The stories revealed gaps and connections between ideal and reality because they illustrated how
the researcher felt and made meaning from her experience volunteering, what she learned, as
2. compared to participants’ ideal vision of partnership amid the everyday realities of faith-based
CSSPs. This study honored both the researcher and participants.
How
I created and applied storied systems design to integrate partners' ideal visions of the future of
partnership with the researcher’s reflective short stories and photographs of the past.
First, I wrote seven stories that aligned with types of organizational storytelling to reflect on my
interpretation with volunteering for the faith-based CSSP.

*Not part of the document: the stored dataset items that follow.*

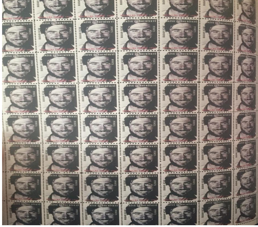
Görsel 8: Halil Altındere, Kayıplar Ülkesine Hoş geldiniz , 1998.

arasında yaşanan takas Altındere'nin çalışmasında nesneye yapılan müdahale ile anlamda yaşanan değişim sayesinde mümkün olurken her iki sanatçı da bu sayede bambaşka bir ilişkisel durum yaratabilmenin imkanını sorgulamaktadır.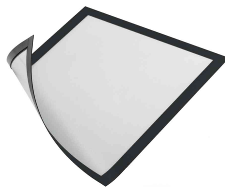
Magnet-Rahmen DURAFRAME MAGNETIC, schwarz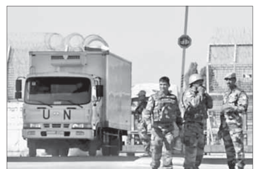
Эвакуация австрийских миротворцев

Австрия завершила вывод миротворцев с Голан. Последняя группа австрийских военнослужащих, находившихся в составе миротворческого контингента ООН на Голанских высотах, в ночь на 31 июля вернулась в Вену. Австрия приняла решение о выводе контингента с Голан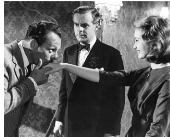
1960 L'ACADÉMIE DES COQUINS (School for Scoundrels) de R. Hamer avec Janet Scott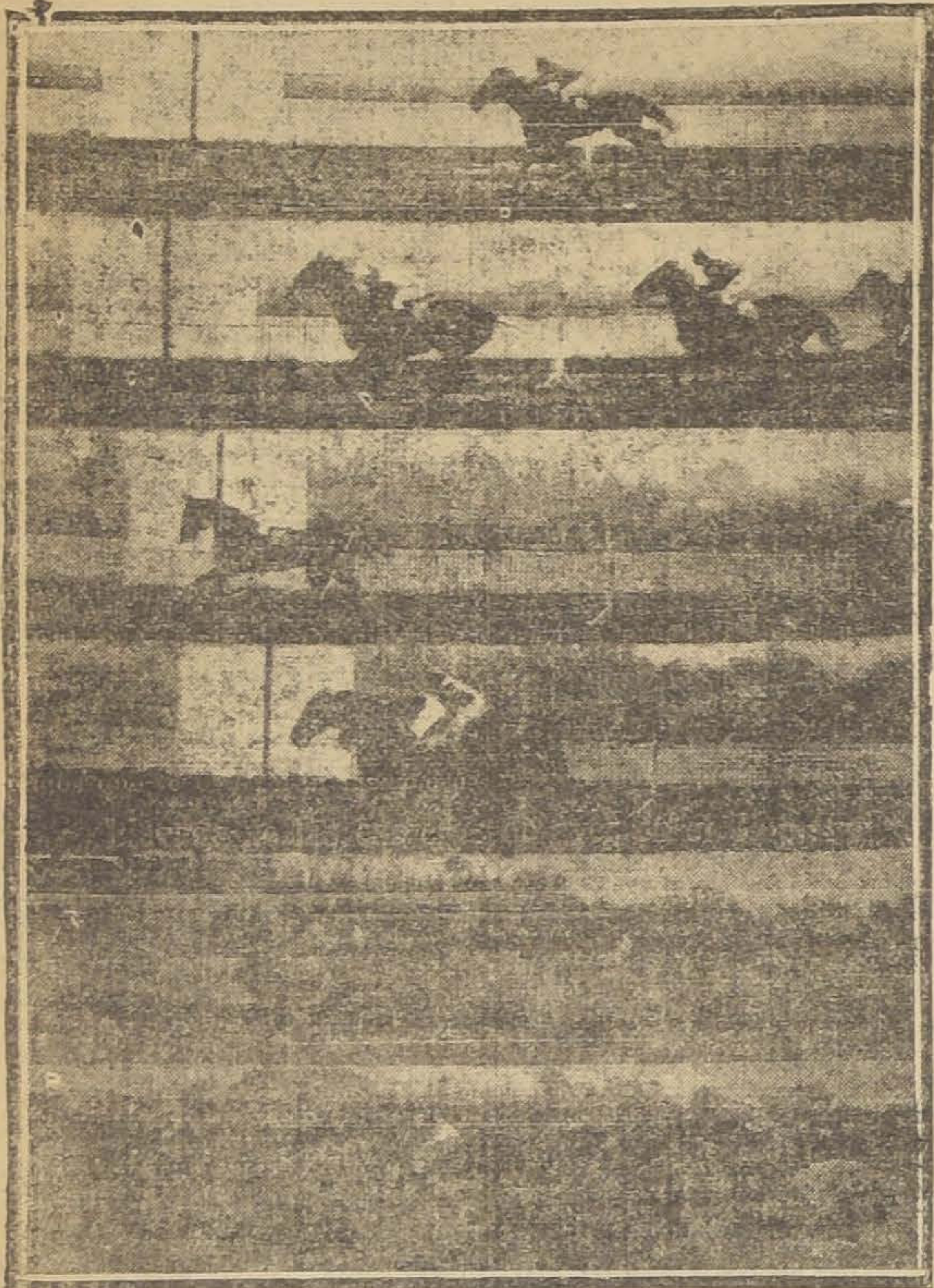
1.- FRAISY, FUSIL, NIZA Y ANTONIO. 2.- GUILLOTINA, SUNLIGHT, FAJARITA Y NAPA. 3.- PORTE CIGARETTE, BAHIA, LA LUNE Y ALICE BELLE. 4.- HARRY LAUDER, FERNET, TITANIC Y SARPENTIA. 5.- GIL BLAS, WILIBRODO, ULLI Y DON NICA. 6.- BALTICO, GLADIADORA, EMBROLLONA Y DUELO.

26 la raya con dos cuerpos de luz sobre Fusil, que remató delante de Niza. Cuarto Antonio. Tiempo: 1.31.25.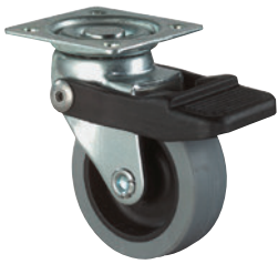
Radfeststeller • Blockierung des Rades

Verschiedene Modelle für einen sicheren Stand.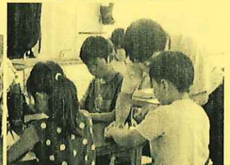
折り紙で「恐竜」を作る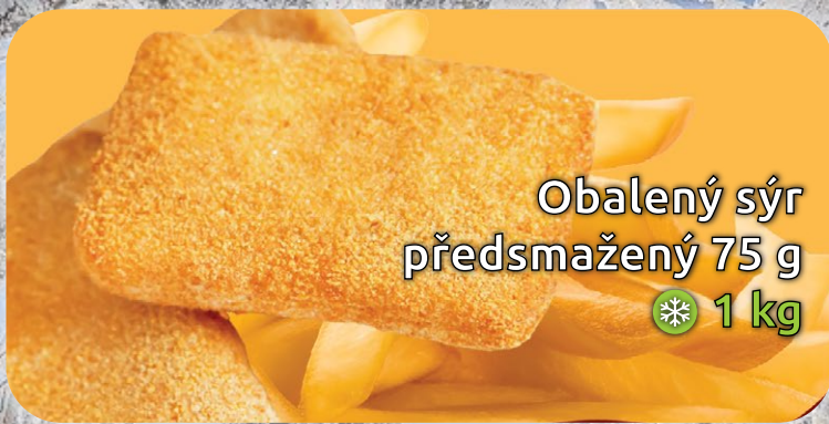
Obalený sýr předsmažený 75 g ❄️ 1 kg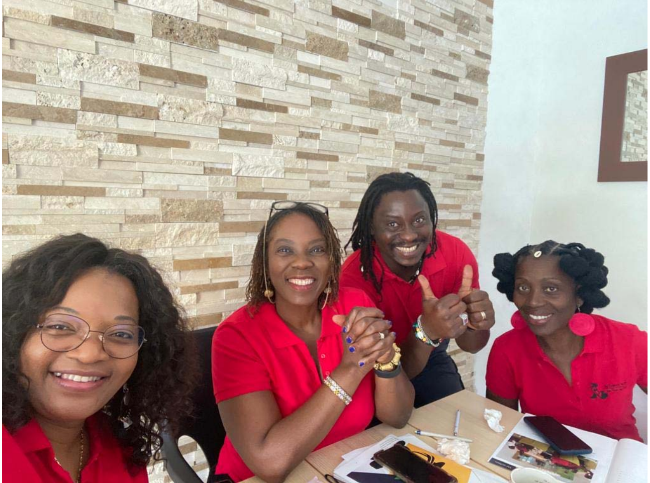
Les Fous de cœur : une chaîne de solidarité pour sauver la Mère et l'Enfant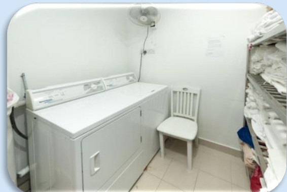
洗衣房 Laundry Room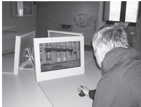
Figure 1 : visite virtuelle de la ville de Nantes au XVIIIe siècle.

Concrètement, le dispositif est accessible grâce à six moniteurs en accès libre, à partir desquels l'utilisateur se déplace dans cet univers virtuel, à l'aide d'un joystick (fig. 1). La découverte interactive de la cité est fortement scénarisée. La visite, développée au moyen d'un logiciel libre 5 , s'appuie sur un scénario qui planifie l'enchaînement de séquences plus ou moins immersives. Bien que l'objectif premier aspirât à faire évoluer librement le public au cœur d'un vaste territoire entièrement restitué 6 , les réflexions tant ergonomiques que scientifiques obligèrent à restreindre ce choix, pour orienter la conception vers une modélisation moins étendue et plus encadrée. L'appréhension de la visite se fait donc en trois temps distincts.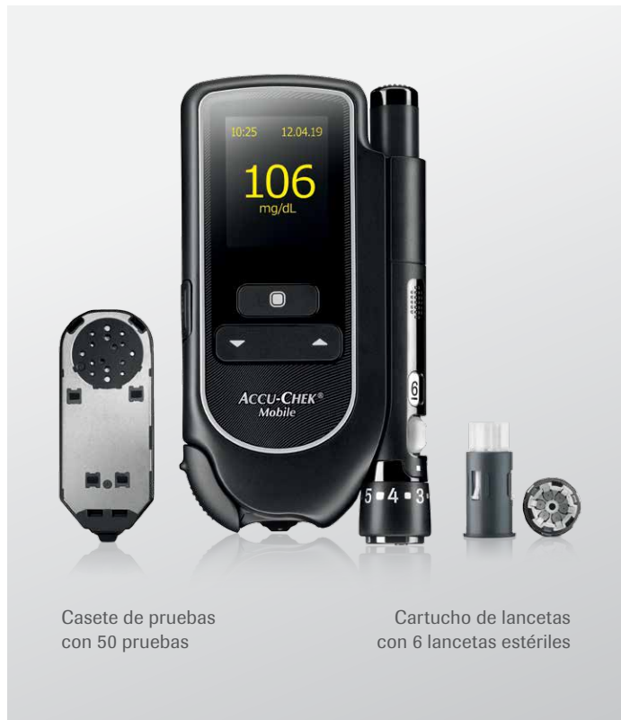
Casete de pruebas con 50 pruebas

4 Cerrar Puede leer el resultado transcurridos aproximadamente 5 seg. El glucómetro se apaga al cerrar la protección de la punta.

Second, I included photographs from volunteering from 2012-2015. The photographs did not
show personally identifiable information, but included detail, nature, and establishing images of
the researcher's time volunteering.
Third, I asked participants of a local faith-based CSSP questions about their ideal vision of a
partnership of the future, and then rewind to present day to ask what realities impede that vision,
who they need to help change reality to match their ideal, and what they need from society to
support their work. The open-ended interview questions did not bias participants to
compassionate communitas because the questions use “ideal vision of partnership” instead.

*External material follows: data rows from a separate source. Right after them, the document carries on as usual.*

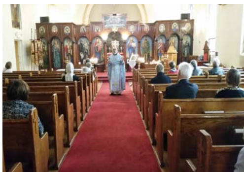
SUNDAY DIVINE LITURGY – OCTOBER 6, 2019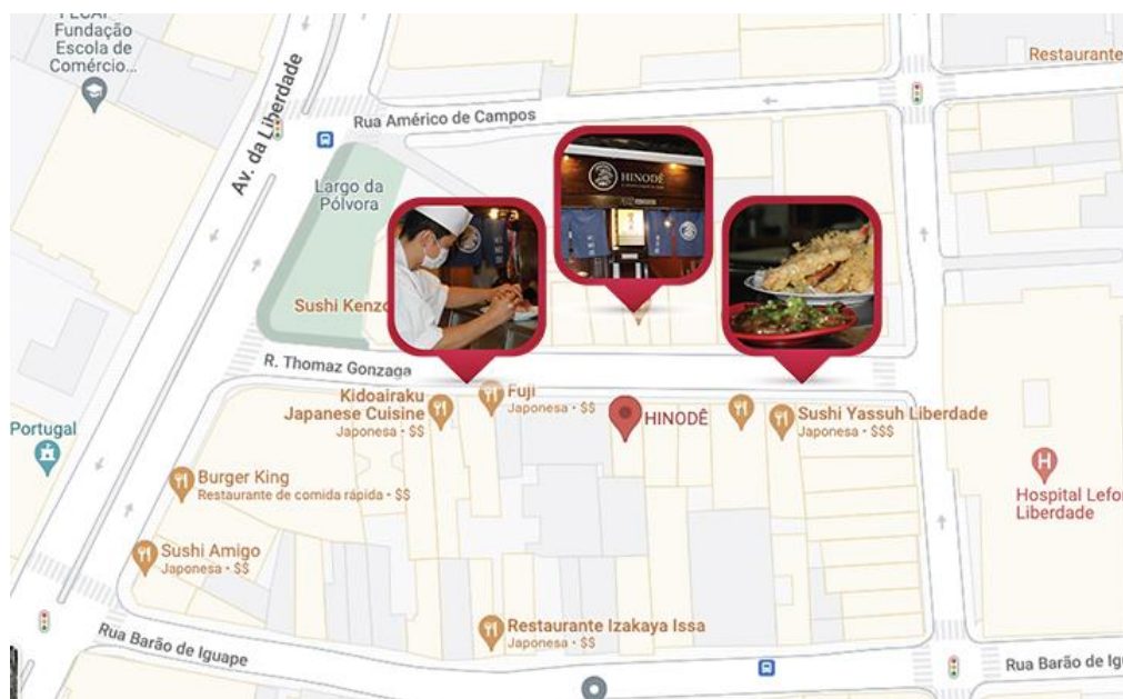
Figura 31 Localização do restaurante 'Hinodê', na freguesia da Liberdade – SP

fora dos pratos. Nosso primeiro contato com o restaurante foi através de pesquisas sobre restaurantes japoneses tradicionais e antigos na freguesia.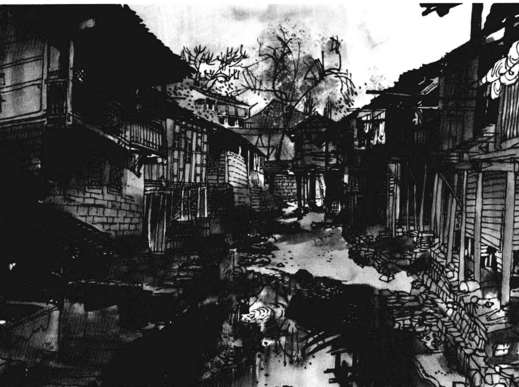
故乡水巷(水墨画) 黄永玉作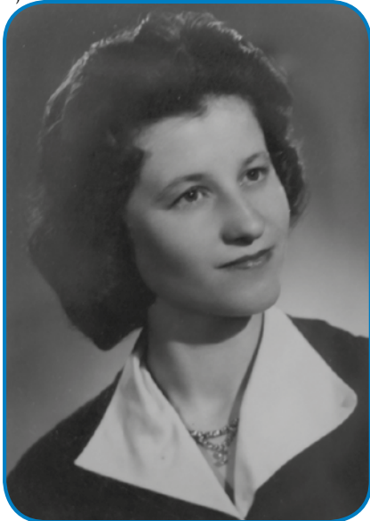
Montiska Irinka v mladi lejtaj

»Mi, ka smo vekši bili, mi smo male mlajše mogli skrb meti, pri nas je tak rejdko bilau, ka bi se cejli den leko špilali, zato ka pri nas je sir trbelo nika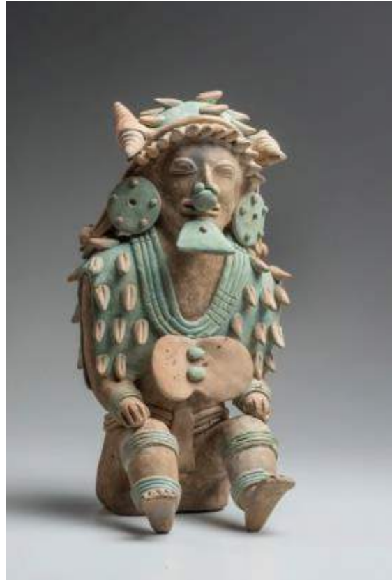
Personaje con tocado de conchas marinas Cultura Jama Coaque (-350 a.C. – 400d.C.) Cerámica

Los ornamentos en oro se distinguen particularmente pues expresan la fuerza vital del cosmos, en especial la del sol.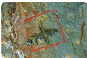
8 Borne pastorale n°7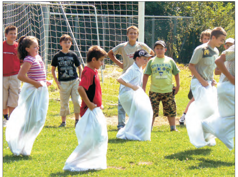
Inną zabawną konkurencją dla młodszych uczestników pikniku był wyścig w workach.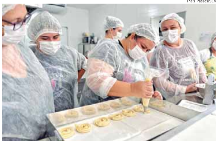
Curso ensinará receitas de biscoitos natalinos

Os interessados devem fazer a inscrição pelo link https://bit.ly/especialdenatal1 ou entrando em contato com a Sema, no telefone (19) 3437-4000. Serão oferecidas 12 vagas e a Sema entrará em contato por telefone com os selecionados.

Fourth, I explained findings by integrating stories and photographs with the idealized participant
conversations to discover the presence of compassionate communitas. Compassionate
communitas involved eight dimensions: (1) Collective responding, (2) Noticing suffering, (3)
Empathy, (4) Action to alleviate suffering, (5) Communicating concern, (6) Sense-crafting, (7)
Transitional experience, and (8) Transforming to complex wholeness.
Who
I interviewed 5 individual adult participants from a local faith-based CSSP with which the
researcher volunteered. These participants held various roles. I wove together my reflective
short stories and photographs of my time volunteering with the interviews for a past to future
glimpse of an ideal partnership's relationship with compassionate communitas.
Where
I recruited five adult participants from a local faith-based CSSP via email and at a board meeting
at the organization with two senior leaders' permission. I conducted interview conversations
during Spring 2017 on-site at a partner church with permission granted in a site permission letter
dated December 16, 2016. I successfully defended this dissertation on July 6, 2017, finished the
revisionary and graduation requirements in August 2017, and technically graduated with my
Ph.D in Organizational Systems from Saybrook University May 7, 2017.